• AIM OF THE EXERCISE: Would you print the listing that follows exactly, but without its pictures?

• SOURCE MATERIAL:
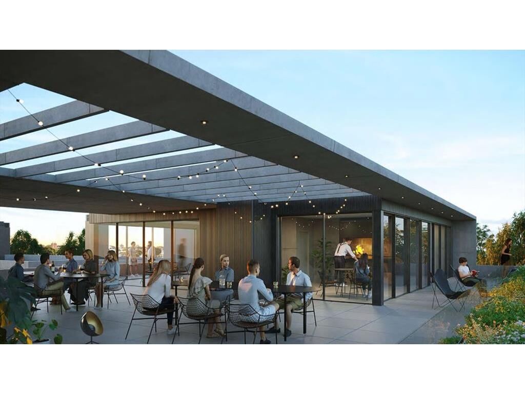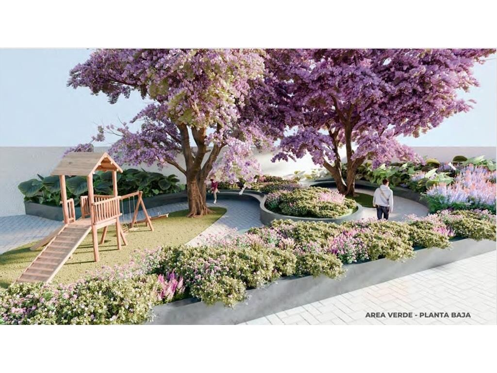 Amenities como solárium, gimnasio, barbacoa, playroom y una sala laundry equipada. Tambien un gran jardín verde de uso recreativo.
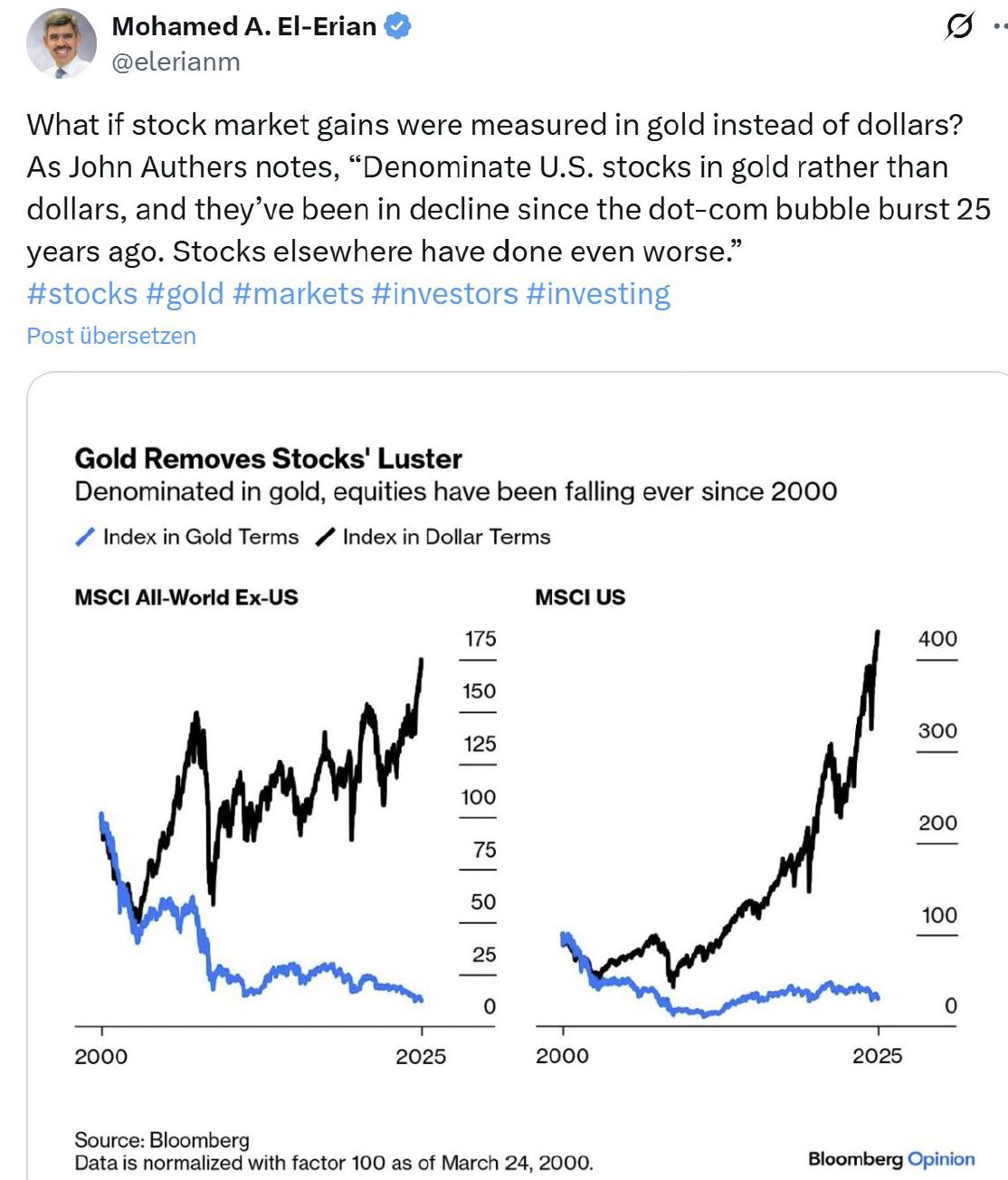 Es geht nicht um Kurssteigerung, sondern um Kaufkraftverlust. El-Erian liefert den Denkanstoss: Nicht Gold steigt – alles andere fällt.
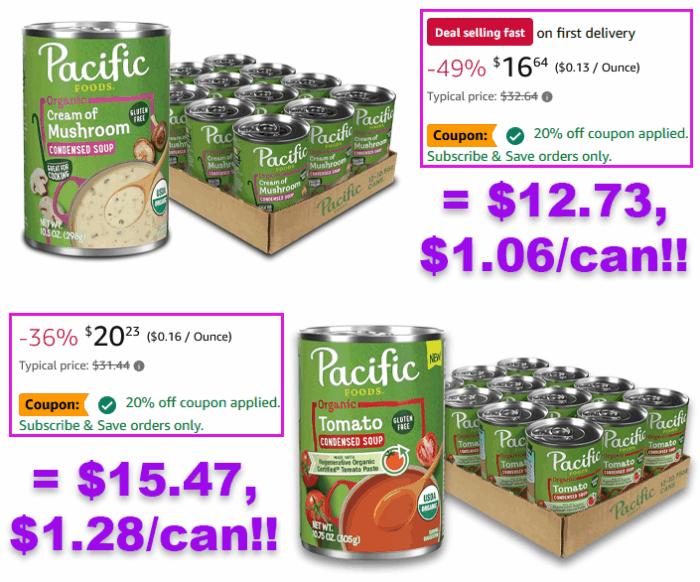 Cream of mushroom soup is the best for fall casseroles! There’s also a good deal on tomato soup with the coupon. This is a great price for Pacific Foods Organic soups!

• OUTPUT FOR THIS TASK:
 Amenities como solárium, gimnasio, barbacoa, playroom y una sala laundry equipada. Tambien un gran jardín verde de uso recreativo.
 Es geht nicht um Kurssteigerung, sondern um Kaufkraftverlust. El-Erian liefert den Denkanstoss: Nicht Gold steigt – alles andere fällt.
 Cream of mushroom soup is the best for fall casseroles! There’s also a good deal on tomato soup with the coupon. This is a great price for Pacific Foods Organic soups!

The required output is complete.